Geçen günlerde gerçekleşen memurluk ve eğitim sınavları sonrasında yine ekranlarda bildik görüntülerle karşılaştık. Oturum başlama saatine 15 dakika kala kapıların kapanması yüzlerce umut beklenticilerinin umutlarını umarsızca kül etti. Kurban Bayramı’nda kaçan kurbanlıklar gibi yüzlerine kapanan kapıların ardından kalakalanları seyretmeye alıştık. Ama alışmak da istemiyoruz.
Birilerinin yaptığı kopya düzeneğinin faturası umut beklenticilerine değil sisteme kesilmeliydi. Sistem işler hale getirilmeli ve sisteme olan güven yeniden tesis edilmeli.
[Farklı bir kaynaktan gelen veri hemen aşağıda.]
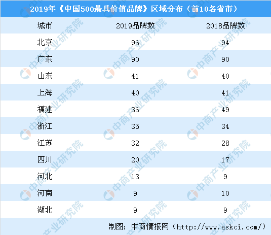 从上榜品牌区域分布来看,北京有96个品牌入选,名列第一,主要原因是赢利能力强的央企总部集中在北京。广东和山东分别有90个和41个品牌入选,位居第二和第三。上海有40个品牌上榜位居第四,福建、浙江、江苏上榜品牌数量超30个。与上年相比,上海上榜品牌减少1个,福建减少13个,同时北京上榜品牌增加2个,山东、浙江各增加1个,江苏、河北各增加4个,四川增加3个。

Yoksa yasaklar yasakları o da kül olan umutları doğurmakta. Bir tam yılda birkaç saatlik sınav için yapılan hazırlıklar; vakitten, mekândan, paradan, maldan, aileden çalınan zamanlar 15 dakikaya feda edilmemeli. Her şeyden önce kaybedilen bir insan, unutma.
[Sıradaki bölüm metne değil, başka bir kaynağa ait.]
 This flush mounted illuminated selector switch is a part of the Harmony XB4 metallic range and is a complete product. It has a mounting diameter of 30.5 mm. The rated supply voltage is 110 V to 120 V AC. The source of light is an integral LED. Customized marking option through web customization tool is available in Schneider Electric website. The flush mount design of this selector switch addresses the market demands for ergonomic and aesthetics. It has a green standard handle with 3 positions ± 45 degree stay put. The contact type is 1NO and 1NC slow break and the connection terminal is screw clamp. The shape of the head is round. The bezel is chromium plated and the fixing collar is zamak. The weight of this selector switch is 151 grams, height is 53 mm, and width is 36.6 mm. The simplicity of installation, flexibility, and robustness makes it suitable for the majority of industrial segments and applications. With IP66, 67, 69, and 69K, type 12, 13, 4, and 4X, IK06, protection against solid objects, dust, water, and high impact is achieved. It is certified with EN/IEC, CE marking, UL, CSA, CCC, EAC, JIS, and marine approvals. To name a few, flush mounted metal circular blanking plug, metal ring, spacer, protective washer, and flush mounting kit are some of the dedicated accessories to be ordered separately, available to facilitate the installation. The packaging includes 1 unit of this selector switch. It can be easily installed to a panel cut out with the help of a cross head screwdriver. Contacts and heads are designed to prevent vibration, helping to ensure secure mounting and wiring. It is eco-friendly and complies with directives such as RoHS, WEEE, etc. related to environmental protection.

Eskiden, çok değil on yıl öncesine kadar sınavların giriş saatlerinde belli bir esneklik vardı. Kişinin geç kalması onun giden zamanından sayılırdı. Sorumlu kendisindeydi. Kapıları 15 dakika, 20 dakika, yarım saat önce kapatmakla kopya önlenemez. Kopyanın önlenmesi için sistemsel çözümler gerekir. Örneğin sınavın başlama saati 14.15 ise saat 14.15,00 olana kadar kapılar kapatılamaz ve kapatılmamalı. Sınavın başlama saati aynı zamanda psikolojik saattir de. İnsan kendini buna şartlar, kapıların 15 dakika önce kapatılmasına değil. Bunun hukuki sorumluluğu mutlaka araştırılmalı. Öbür taraftan vicdani sorumluluk da var. Kopya yasaklarla değil sistemin işlerliği ve güvenirliği ile önlenir.
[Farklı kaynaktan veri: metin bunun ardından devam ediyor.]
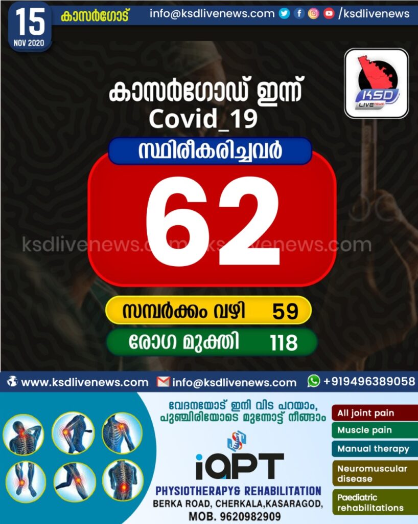 വാര്‍ത്താക്കുറിപ്പ് 15.11.2020 കാസര്‍കോട് ജില്ലയില്‍ 62 പേര്‍ക്ക് കോവിഡ്, 118 പേര്‍ക്ക് രോഗമുക്തി

Üst seviye eğitim ve dil sınavları gibi sınavlar yılda birkaç kez tekrarlandığı için ekranlarda bu tip mağduriyetlere rastlanılmamakta. Çünkü kişi birkaç ay sonra giremediği sınavları ikame edebilmekte. Ama memuriyet ve yüksek öğretim gibi yılda bir kere hatta bazı memuriyet sınavlarının 2 yılda bir kere yapıldığı düşünülürse ortaya çıkan mağduriyetlerin de telafisi zor hatta imkânsız olabilmekte. Onun için her memuriyet ve yüksek öğretim sınavlarının sonucunda ekranlarda bükülen boyunları, burkulan yürekleri, akan gözyaşlarını, yıkılan umutları görmek istemiyoruz. Başa gelmez demeyin bu kendiniz, kardeşiniz, yeğeniniz, kuzeniniz, çocuğunuz ve torununuz olabilir. Yetkililerin bu mağduriyete, bu kanayan yaraya bir an önce çözüm üretmeleri oldukça önemlidir.
Gençlik bir memleketin umududur. Umutları karartmak değil yeşertmek gerekir.